What do you think about when you’ve nothing particular to think about, when your mind unharnessed may mosey where it may?
We are what’s on our minds. Minds supply our personalities, distinction, what makes me me and you you. Bodies may observe each other but not converse.
We saddle, bridle, and direct our minds some fraction of each day. We learn this in school and later at our tasks. For some, harnessing their minds is easy, for others harder, just as some horses are easier to break. Some of us are scolded for daydreaming, but how can we help it? “Concentrate!” is almost as silly a command as “Cheer up!”
Most of each day our minds are on their own, nosing and browsing where they will. In sleep they may meander crazy places, to our surprise. Awake, we may find ourselves noticing, wondering, pondering far from what we meant. Cooking I find myself musing about the deer in the field, the clouds, some pal, something I read. Why? You tell me.
We don’t much discuss this divergence between our intentional and inadvertent intellects because it embarrasses. We’re in charge of ourselves, we pretend, “the captain of my soul,” who can force ourselves forward in lockstep, saluting our commanding officer. “Single-minded” is a flattering adjective to many, though it sounds like hell to me. Younger, my ambition did its best to break my mind, lashing it bloody, but my mind kept writing poems, taunting ambition’s attempts.

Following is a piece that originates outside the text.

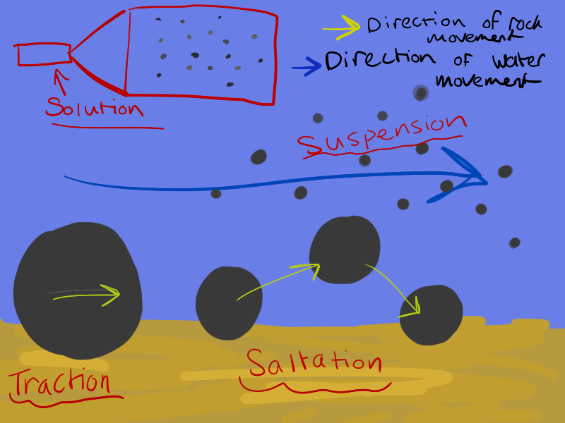 Traction: The largest boulders are pushed along the river bed by the river currentSaltation: Slightly smaller bounders are lifted off the river bed when it hasplenty of energy and are carried in the water, when the river's energy decreasesthe boulders are droppedSuspension: Smaller rocks are carried along in the river waterSolution: Dissolved particles are carried along within the water, they are invisible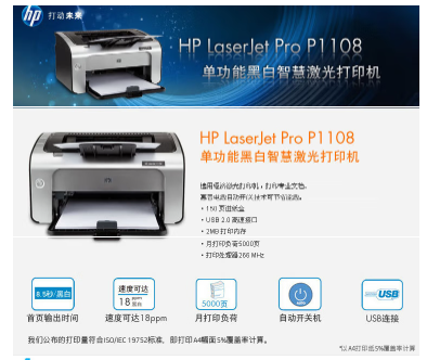 參數(shù) [商品名稱] 惠普(HP)P1108 [最大支持幅面] A4 [打印速度] 18頁/分 [品牌] 惠普(HP) [型號(hào)] P1108

What my dreams like to dream about, more than anything, is language, words in English, how they frolic, coquette, play tricks; how these tidbits of sound and sense, with their varied origins, combine or conflict; what I’d teach about language (heaven help me!) different than what I was taught. I do not rate this curiosity creditable or practicable, it’s just how my mind swings. A painter may envision colors, a chef flavors, a sybarite pleasures, a scholar footnotes, what delights is neither our doing nor our fault, just how we are.
This morning I woke puzzling why no teacher ever installed the reader as the writer’s indispensable co-creator, whom we ignore at our peril. As we speak differently to different audiences and on different occasions, so we must write differently, for what is writing but the codification of the human voice. One speaks differently to tot, teacher, cop, boss, priest, pal, paramour, in pulpit, parapet, redoubt, to cudgel, convince, cajole, so should we compose our words to our occasion, and not according to some grammar from nowhere about do’s and don’ts. There’s no such thing as proper speech and any vital speech is as unprecedented as its instant. We need a common language to comprehend each other but beyond that how we use it is up to us – and the more “like ourselves” we sound, distinct from the compliant crowd, the more compelling and persuasive. Writing is not obeying rules but bending them in our peculiar direction, as cooking isn’t about following recipes but concocting one’s own.
I woke from my dream into a paroxysm of scribbling, my preachment felt so urgent, then looking up from my page, almost laughed aloud at my vehemence. Who a quarter through the twenty-first century cares about this stuff! Maybe back in Shakespeare’s day or Pope’s or even Frost’s or Joyce’s a hundred years ago, but literature and literacy these days are an esoteric backwater, not quite lace-making or buggy-riding, but close. My fascination fixes me as a fuddy-duddy in my epoch, a relic, but so what, it’s what my mind adores, demands, so can’t be helped.